Положение петербургской профессуры, действительно, ухудшалось и ухудшалось. «Смертность ее, – по наблюдениям Питирима Сорокина, – повысилась в 6 раз по сравнению с довоенным временем… Не было ни хлеба, ни тем более других „необходимых для существования благ“. Одни в итоге умирали, другие были не в силах вынести все это – и кончали с собой… Третьих унес тиф. Кой-кого расстреляли, моральная атмосфера была тяжелее материальной. Немного профессоров найдется, которые не были бы хоть раз арестованы, а еще меньше – у кого несколько раз не производились бы обыски, реквизиции, выселение из квартир и т. д. и т. п. Прибавьте к этому многообразные „трудовые повинности“ в форме пилки дров, таскания тяжелых бревен с барж, колку льда, дежурства у ворот. Для многих ученых, особенно пожилых, все это было медленной смертной казнью…»
Умер в 1922 году в родной деревне, где ухаживал за парализованным братом, и Николай Евгеньевич Введенский.
О тогдашнем житье-бытье Ухтомского вспоминала его ученица Анна Коперина-Казанская. Она девятнадцатилетней девушкой в 1921 году приехала к нему из Рыбинска с надежной рекомендацией и поступила на биофак Университета. По ее словам, Алексей Алексеевич жил на своей «вышке» совершенно затворнически. Дома у него отсутствовал не только телефон, – сама мысль о котором повергала хозяина в ужас, – но не было и входного звонка, дверь открывалась на условный стук… В большей из двух комнат царила неразбериха. На полу кипами лежали книги, убирать их или стирать пыль с них категорически воспрещалось. Зато в соседнем кабинете, куда заглядывать разрешалось лишь при крайней необходимости, соблюдался идеальный порядок, и шкафами была выгорожена молельная – с иконостасом, аналоем, всегда раскрытой книгой на нем.
То, что Алексей Алексеевич был верующим, вызвало у А. Казанской, равнодушной к Богу, понятное недоумение. Это было ни на что не похоже: университетский профессор, естественник, физиолог, вдохновлял себя по утрам пением псалмов Давида! И говорил: «Для того, чтобы человек весь день чувствовал себя в рабочем, приподнятом настроении, он должен день начинать с трудных математических задач или же с молитвы». Сам он выбирал последнее.

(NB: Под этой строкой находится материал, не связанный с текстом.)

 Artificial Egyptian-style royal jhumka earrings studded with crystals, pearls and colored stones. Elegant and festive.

Замкнутость, потребность в уединении и вместе с тем тяга к живому общению с людьми, будь то студенты или церковные прихожане, были вроде бы несовместимы. Казанская как-то спросила Алексея Алексеевича об этом. И он ответил: «А ведь я живу так не первый десяток лет и часто очень дорожу своим одиночеством. И разве же я одинок? У меня есть на работе сотрудники, студенты, наконец у меня много друзей, с которыми я переписываюсь. Но ты пойми меня – ведь я монах в миру! А монахом в миру быть ой как трудно!

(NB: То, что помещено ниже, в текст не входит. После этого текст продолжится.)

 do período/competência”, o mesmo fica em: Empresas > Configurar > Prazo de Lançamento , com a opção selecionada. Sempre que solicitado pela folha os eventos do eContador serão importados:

Это не то, что спасать свою душу за монастырскими стенами. Монах в миру не о себе, а о людях думать должен!»
В летние месяцы 1922 года Ухтомский с группой учеников организовал студенческую практику в Новом Петергофе, в недавней царской резиденции – Александрии. А. Казанская вспоминала, как студенток поместили в бывшем корпусе фрейлин около дворца, в роскошном парке неподалеку от моря; как с утра до позднего вечера они не покидали физиологическую лабораторию, экспериментировали на лягушках и моллюсках; как впервые именно здесь услышали от Алексея Алексеевича о законе
Участницей «александрийского кружка» была и двадцатилетняя Ида Каплан. Письма к ней (1922–1924) в эпистолярном наследии Ухтомского принадлежат к самым проникновенным страницам. В них он раскрывал секрет петергофского содружества, – где и учитель, и студенты бодрили, «поднимали друг друга», умели разглядеть в товарищах «алтари», а не «задворки», – и признавался, что был тогда по-особому счастлив. В «творческой идеализации» он усматривал основу человеческого общения: когда человек, забывая о своих амбициях и капризах, и в соседе замечает лучшее и пытается до этого лучшего дорасти. Чаще ведь человек ради самоутешения видит у соседа грехи, какие знает за собой. А для чистого душой – люди чисты. Потому-то, размышлял Ухтомский, «чистая юность умеет идеализировать» и так прогрессивна духом. Приземленная же старость, «если она не сопряжена с мудростью», теряет щедрость сердца, брюзжит и «уже не приветствует вновь приходящей жизни».